**WORK INSTRUCTIONS**
Leave the pictures aside and copy all the data exactly.

**THE DATA**
+ + + +
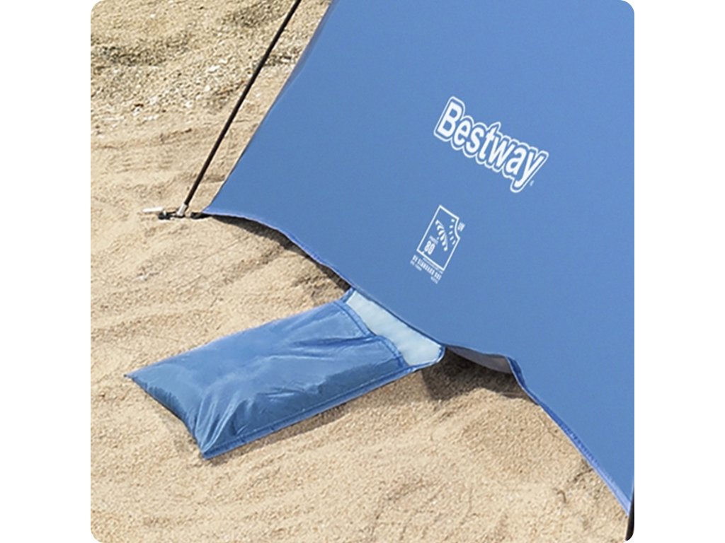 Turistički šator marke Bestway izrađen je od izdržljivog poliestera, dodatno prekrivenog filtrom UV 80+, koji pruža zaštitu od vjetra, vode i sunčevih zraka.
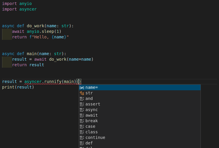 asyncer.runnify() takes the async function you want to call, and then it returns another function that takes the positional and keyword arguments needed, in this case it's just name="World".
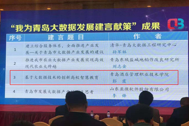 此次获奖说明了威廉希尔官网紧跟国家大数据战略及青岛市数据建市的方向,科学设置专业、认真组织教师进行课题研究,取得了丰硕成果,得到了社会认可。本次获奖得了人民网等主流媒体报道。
+ + + +
**SOLUTION FOR THIS TASK**
 Turistički šator marke Bestway izrađen je od izdržljivog poliestera, dodatno prekrivenog filtrom UV 80+, koji pruža zaštitu od vjetra, vode i sunčevih zraka.
 asyncer.runnify() takes the async function you want to call, and then it returns another function that takes the positional and keyword arguments needed, in this case it's just name="World".
 此次获奖说明了威廉希尔官网紧跟国家大数据战略及青岛市数据建市的方向,科学设置专业、认真组织教师进行课题研究,取得了丰硕成果,得到了社会认可。本次获奖得了人民网等主流媒体报道。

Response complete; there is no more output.